> **Problem statement**
Copy every entry in the listing below exactly, but not the pictures.

> **Records for this task**
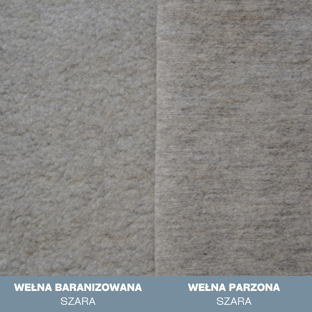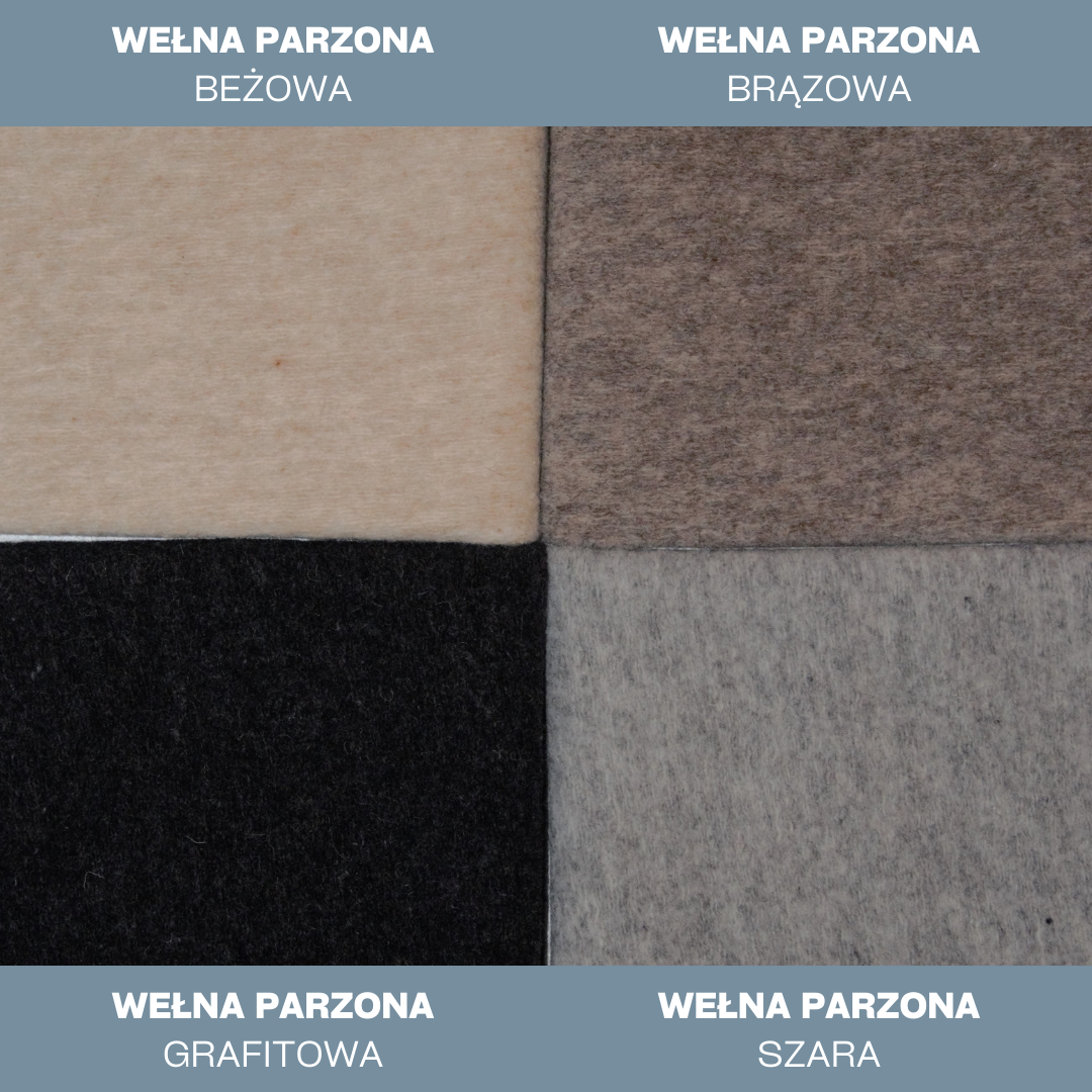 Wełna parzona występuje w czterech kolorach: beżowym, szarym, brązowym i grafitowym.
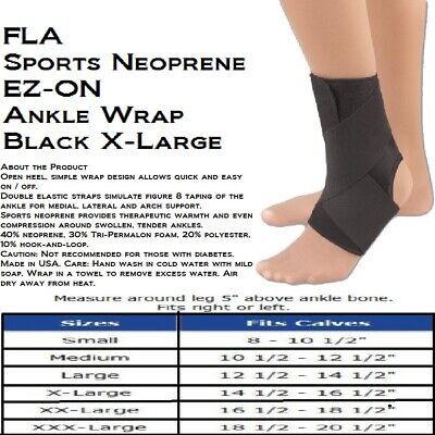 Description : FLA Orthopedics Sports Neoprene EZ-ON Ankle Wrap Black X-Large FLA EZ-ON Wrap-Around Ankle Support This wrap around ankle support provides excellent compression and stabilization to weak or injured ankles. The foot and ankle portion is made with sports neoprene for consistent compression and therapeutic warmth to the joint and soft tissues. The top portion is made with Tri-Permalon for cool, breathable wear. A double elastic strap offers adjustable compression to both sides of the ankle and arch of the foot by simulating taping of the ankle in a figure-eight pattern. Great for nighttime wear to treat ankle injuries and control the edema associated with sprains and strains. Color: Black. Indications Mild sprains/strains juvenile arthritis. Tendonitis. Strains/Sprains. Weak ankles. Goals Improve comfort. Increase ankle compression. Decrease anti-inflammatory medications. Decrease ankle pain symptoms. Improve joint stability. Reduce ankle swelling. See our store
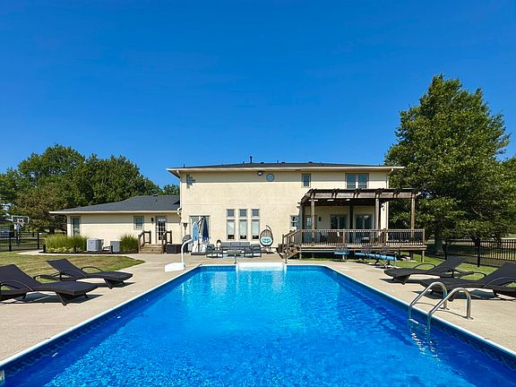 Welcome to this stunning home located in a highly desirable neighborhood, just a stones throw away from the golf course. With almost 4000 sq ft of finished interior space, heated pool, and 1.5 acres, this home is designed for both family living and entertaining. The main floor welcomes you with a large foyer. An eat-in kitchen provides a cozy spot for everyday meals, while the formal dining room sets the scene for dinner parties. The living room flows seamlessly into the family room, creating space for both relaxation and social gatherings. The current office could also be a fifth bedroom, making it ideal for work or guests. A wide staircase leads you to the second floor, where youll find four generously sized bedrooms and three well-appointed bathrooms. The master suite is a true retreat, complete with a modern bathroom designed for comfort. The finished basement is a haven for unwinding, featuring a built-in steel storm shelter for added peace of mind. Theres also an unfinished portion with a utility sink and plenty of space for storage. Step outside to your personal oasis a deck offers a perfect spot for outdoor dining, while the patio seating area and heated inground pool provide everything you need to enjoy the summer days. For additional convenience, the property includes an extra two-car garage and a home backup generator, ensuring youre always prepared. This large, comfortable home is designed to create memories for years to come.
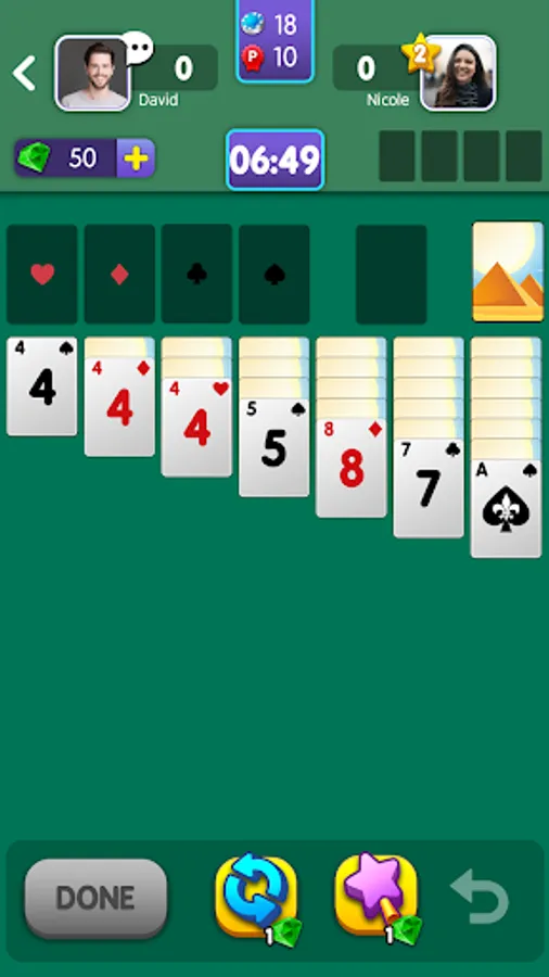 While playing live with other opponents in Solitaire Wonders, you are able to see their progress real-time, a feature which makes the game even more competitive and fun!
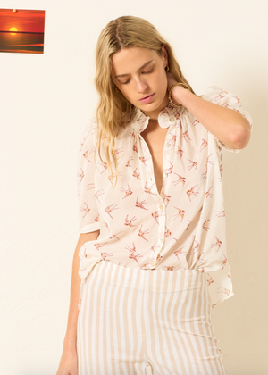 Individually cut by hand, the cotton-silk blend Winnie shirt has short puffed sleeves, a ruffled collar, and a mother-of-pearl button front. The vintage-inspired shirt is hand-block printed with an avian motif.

> **Answer section**
 Wełna parzona występuje w czterech kolorach: beżowym, szarym, brązowym i grafitowym.
 Description : FLA Orthopedics Sports Neoprene EZ-ON Ankle Wrap Black X-Large FLA EZ-ON Wrap-Around Ankle Support This wrap around ankle support provides excellent compression and stabilization to weak or injured ankles. The foot and ankle portion is made with sports neoprene for consistent compression and therapeutic warmth to the joint and soft tissues. The top portion is made with Tri-Permalon for cool, breathable wear. A double elastic strap offers adjustable compression to both sides of the ankle and arch of the foot by simulating taping of the ankle in a figure-eight pattern. Great for nighttime wear to treat ankle injuries and control the edema associated with sprains and strains. Color: Black. Indications Mild sprains/strains juvenile arthritis. Tendonitis. Strains/Sprains. Weak ankles. Goals Improve comfort. Increase ankle compression. Decrease anti-inflammatory medications. Decrease ankle pain symptoms. Improve joint stability. Reduce ankle swelling. See our store
 Welcome to this stunning home located in a highly desirable neighborhood, just a stones throw away from the golf course. With almost 4000 sq ft of finished interior space, heated pool, and 1.5 acres, this home is designed for both family living and entertaining. The main floor welcomes you with a large foyer. An eat-in kitchen provides a cozy spot for everyday meals, while the formal dining room sets the scene for dinner parties. The living room flows seamlessly into the family room, creating space for both relaxation and social gatherings. The current office could also be a fifth bedroom, making it ideal for work or guests. A wide staircase leads you to the second floor, where youll find four generously sized bedrooms and three well-appointed bathrooms. The master suite is a true retreat, complete with a modern bathroom designed for comfort. The finished basement is a haven for unwinding, featuring a built-in steel storm shelter for added peace of mind. Theres also an unfinished portion with a utility sink and plenty of space for storage. Step outside to your personal oasis a deck offers a perfect spot for outdoor dining, while the patio seating area and heated inground pool provide everything you need to enjoy the summer days. For additional convenience, the property includes an extra two-car garage and a home backup generator, ensuring youre always prepared. This large, comfortable home is designed to create memories for years to come.
 While playing live with other opponents in Solitaire Wonders, you are able to see their progress real-time, a feature which makes the game even more competitive and fun!
 Individually cut by hand, the cotton-silk blend Winnie shirt has short puffed sleeves, a ruffled collar, and a mother-of-pearl button front. The vintage-inspired shirt is hand-block printed with an avian motif.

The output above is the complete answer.